Oscurato Italian Darknet Community: Arresti In Tutta Italia (Deep Web)

Gli agenti della polizia di Stato di Lecco, affiancando indagini tradizionali ad attività sotto copertura, sono riusciti a ricostruire le operazioni illegali che avvenivano tramite il portale Darknet "Italian Darknet Community" (IDC), ormai oscurato almeno sul clear web italiandarknet.io (ancora online invece il sito onion).
A fine aprile, oltre agli arresti, sono state effettuate 50 perquisizioni in tutta Italia e nell’ambito dell’indagine sono stati individuati numerosi acquirenti.
In ambito italiano è il secondo market a subire questo tipo d'indagini, qualche anno fa infatti era stato chiuso e sequestrato Babylon.

Il capo della squadra mobile di Lecco Marco Cadeddu: "Abbiamo effettuato un’attività di indagine, supportata da attività tecniche e dall’impiego di agenti sotto copertura. Abbiamo individuato siti e forum che offrono, dietro la copertura garantita dall’anonimato del Deep Web sostanze stupefacenti di varia natura, cocaina, eroina, hashish e droghe sintetiche ma anche armi, documenti falsi, account di siti di e-commerce intestati a persone inesistenti o oggetto di furto di identità, oltre a sistemi per creare virus e poi infettare i computer e minacciare e ricattare i destinatari. Il Deep Web assicura l’anonimato più assoluto perché esce dai protocolli tradizionali e cripta ogni contenuto. Le barriere e protezioni sono fortissime. È un settore che le investigazioni non possono più trascurare"
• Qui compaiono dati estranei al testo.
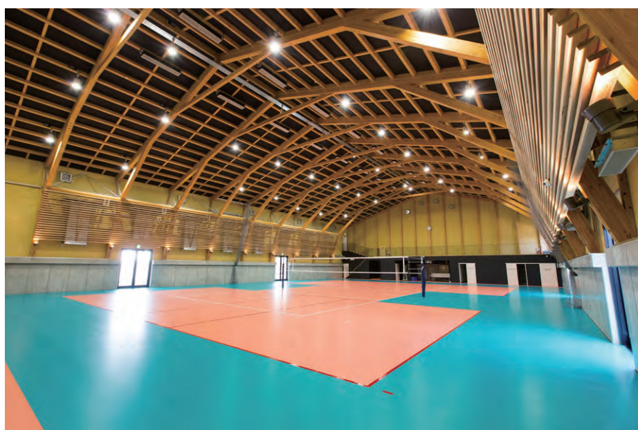
地場産材、地元施工での大規模木造建築
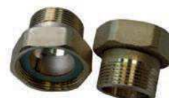
F/O - M/O
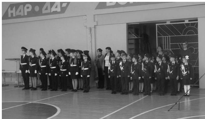
Вихованці кадетських класів сімферопольської гімназії №11 ім. К.А. Тренєва склали присягу
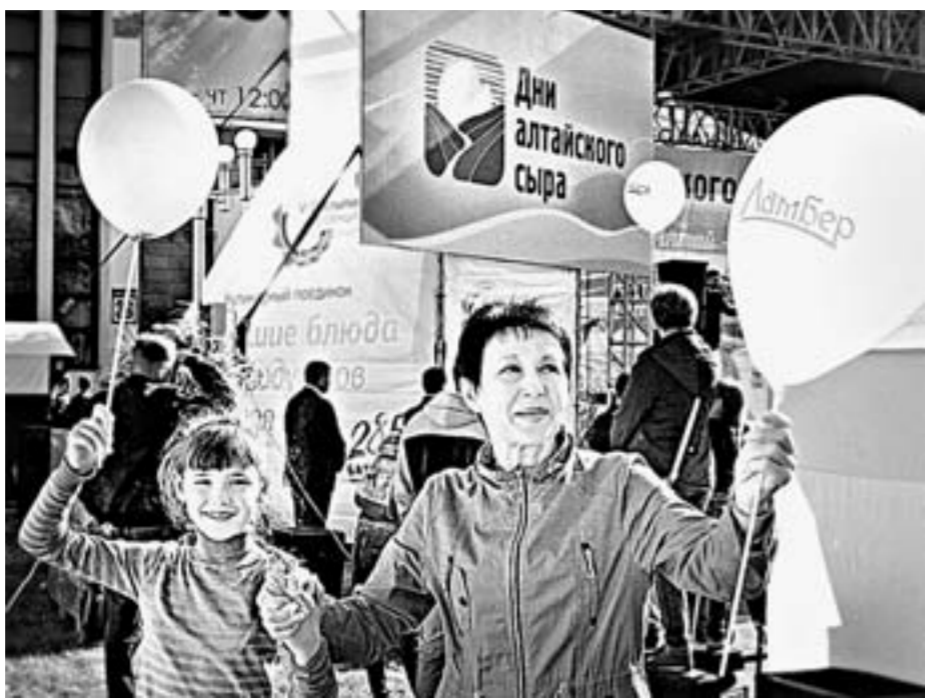
На сырный праздник барнаульцы приходили с детьми.

Через проспект Ленина от «Города мастеров» развернулась большая национальная деревня. На площади Советов прошел большой фестиваль национальных культур. Более 30 диаспор и культурных центров Алтайского края сделали свои презентации. Каждая хотела удивить
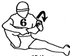
15 times each direction (page 31)
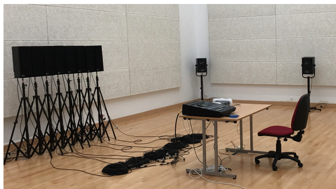
1. Maquette WFS installé à la Maison des Sciences Humaines, Laboratoire MUSIDANSE

L'entrée et sortie des signaux audio s'effectue par des entrées et sorties physiques ou virtuelles, et l'information sur la position spatiale de chaque source sonore, ainsi que le modèle physique de front d'onde à utiliser (source point, onde plane, source focalisée) se transmettent à travers le protocole OSC.
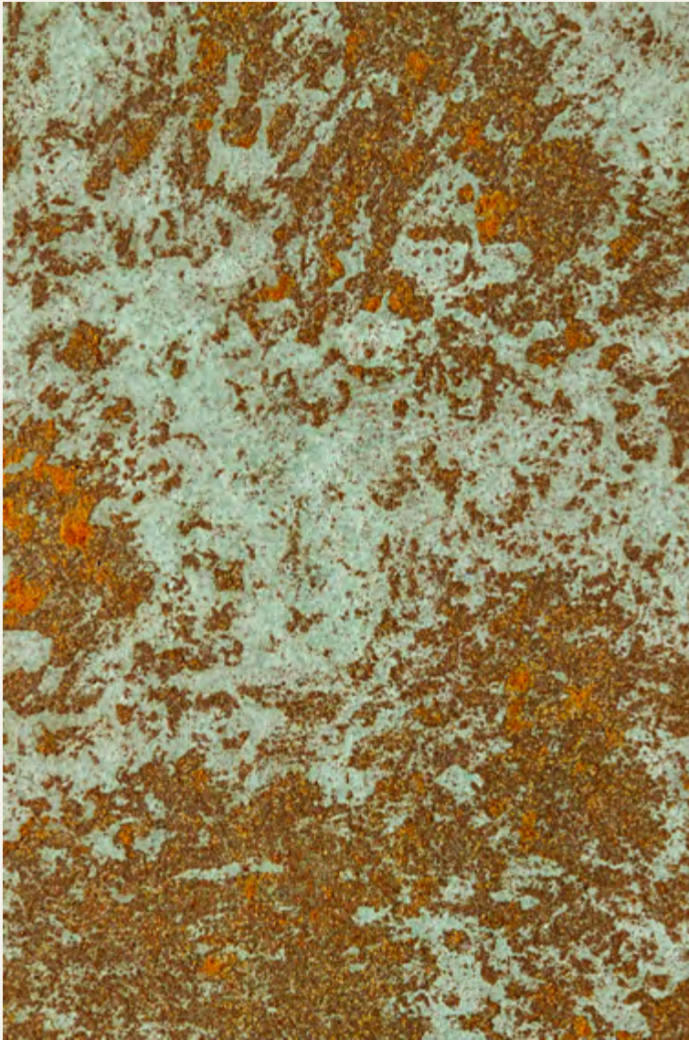
VERDERAME_Wall Painting & IRONic

The ancient structures of old cities with the beauty of copper and its vibrant oxidation.
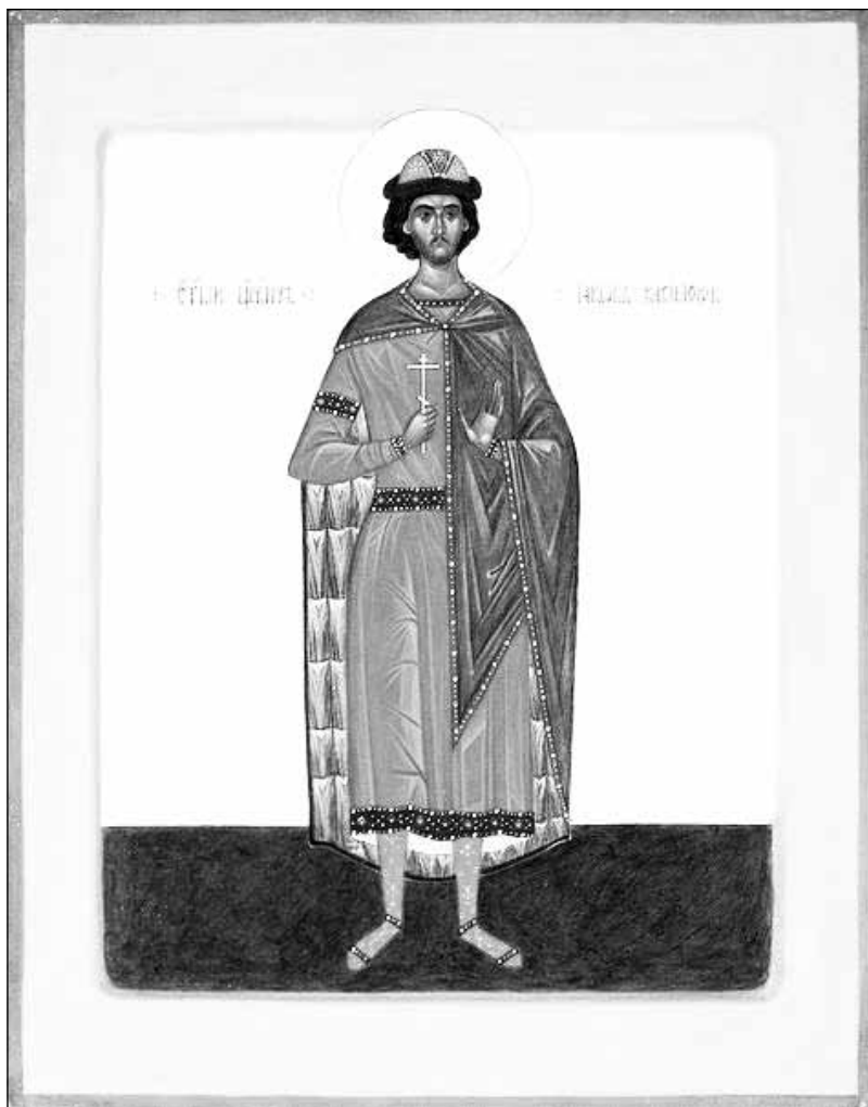
Фото 1. Икона св. блж. царевича Иакова. г. Касимов

Подготовила Маргарита Рябова по материалам официальной группы «ВКонтакте» Научно-производственного центра «Рязанская Археологическая Экспедиция» [Электронный ресурс] - Режим доступа: https://vk.com/npcrae , и официального сайта Касимовской епархии [Электронный ресурс] - Режим доступа: http://kaseparb.ru/index.php?option=com_content&view=article&id=6026:-1-r&catid=1:kasimovnews&Itemid=27
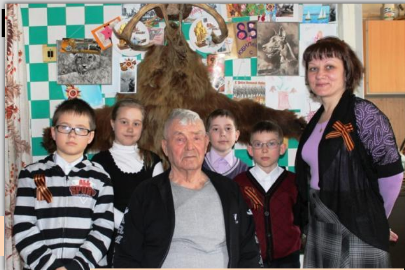
Встречи с ветеранами
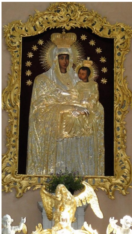
Obraz Matki Boskiej w Szydłowie

Dlaczego jednak nie jest to Częstochowa? Oczywiście wszystko zaczęło się od cudu. Gdy Matka Boska ukazała się pastuszkowi, a ten przekazał jej słowa kapłanom, ci uznali to za cud. Jest to jedno z najstarszych objawień w Europie i prawdopodobnie jedyne, gdy Maryja przemówiła do człowieka, który nie był katolikiem. Różne zbiegi okoliczności doprowadziły do stanu dzisiejszego świątyni. Najważniejszym był wygrany proces z kalwinami i otrzymanie odszkodowania za zagarnięte mienie kościelne. Jak widać były to dobrze spożytkowane pieniądze. Faktem jednak jest też to, że obraz Matki Boskiej został namalowany na zamówienie w Londynie w wieku XVIII.
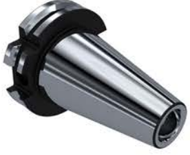
SK DIN ISO 7388-1 (DIN 69871)
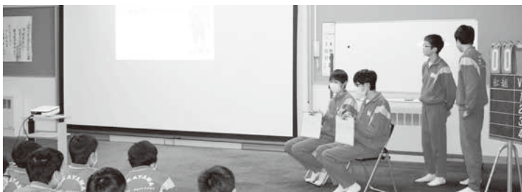
クイズ大会!担任の先生の名前フルネームを漢字で書いてください

御礼に6年生からも発表と手作りの垂れ幕が披露され、下級生のみなさんへの思いが詰まっていて、感動的な送る会でした。
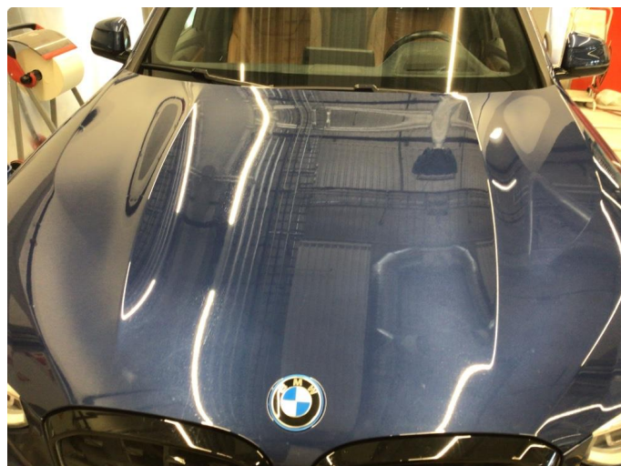
1.2 Noe mindre stensprut rundt om på panser, bedre en normalt for år/km.
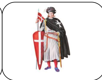
Associazione PRO LOCO CICCIANO
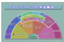
オーケストラの編成
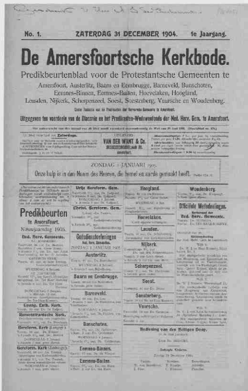
Kerkbode van 31 december 1904 (Persmuseum 4051)

Al twaalf dagen later vergadert men over een 'zeer uitgewerkt overzicht' van Wesseling, die zelfs al enkele proefnummers kan laten zien. Wat hem betreft kan op 31 december het eerste nummer verschijnen! Omdat er te weinig leden aanwezig zijn voor een quorum komt men de volgende dag, dinsdag de 20 e , om 12.15u opnieuw bijeen. Wesseling legt nu een conceptreglement voor uitgave en financieel beheer op tafel. Dat wordt overgenomen, maar op voorstel van Ds. D.J. van Aalst (predikant te Amersfoort 1901-1906) worden de baten bestemd voor de Weduwenbeurs der Hervormde Predikanten te Amersfoort (f40 per jaar) en 'ook eenig voor-
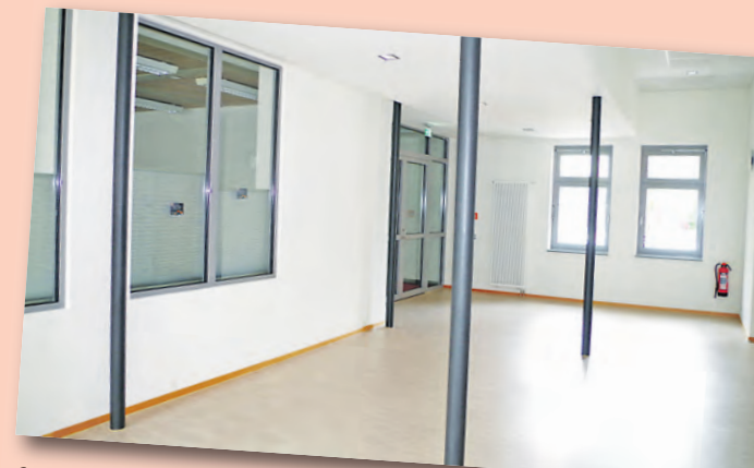
Selbst die Gänge bieten ein großzügiges Platzangebot.

Agli arrestati sono stati contestati a vario titolo reati legati al traffico internazionale di sostanze stupefacenti.
Al «banchiere clandestino» dell’organizzazione, un italiano residente a Bergamo che si occupava delle transazioni e della vendita di Bitcoin, è stato contestato anche il riciclaggio e l’esercizio abusivo dell’intermediazione finanziaria.
Nel corso dell’attività di indagine sono stati sequestrati ingenti quantitativi di droga di vario tipo, ma anche alcune centinaia di migliaia di euro frutto dell’attività illecita e numeroso materiale informatico.
Le indagini hanno toccato anche il territorio veneziano.
Gli agenti lecchesi hanno operato insieme alla locale procura e in stretta collaborazione con le quelle di Bergamo, Pisa, Rovereto e Forlì.


ARRESTI SULLE DARKNET
Le indagini, iniziate circa un anno fa (gennaio 2016), hanno avuto la loro prima conclusione ma proseguiranno nel prossimo periodo; nel frattempo è stato fermato un "giro" che ha portato alcuni utenti a smerciare oltre 2000 dosi di sostanza stupefacente.
Tra gli arrestati (tre italiani, un albanese e un brasiliano) spiccano i profili italiani di Ghibli, l'utente "banchiere" ammanettato a Bergamo, Kriminale (55 anni, già indagato anche dall'FBI nel 2013 per la vicenda Silkroad) arrestato a Pisa e Skytec fermato  a Forlì (nascondeva droga negli Hard Disk e in bottiglie di Pepsi, un occultamento “singolare” dello stupefacente. Altri nascondevano la droga in cellulari o statuine).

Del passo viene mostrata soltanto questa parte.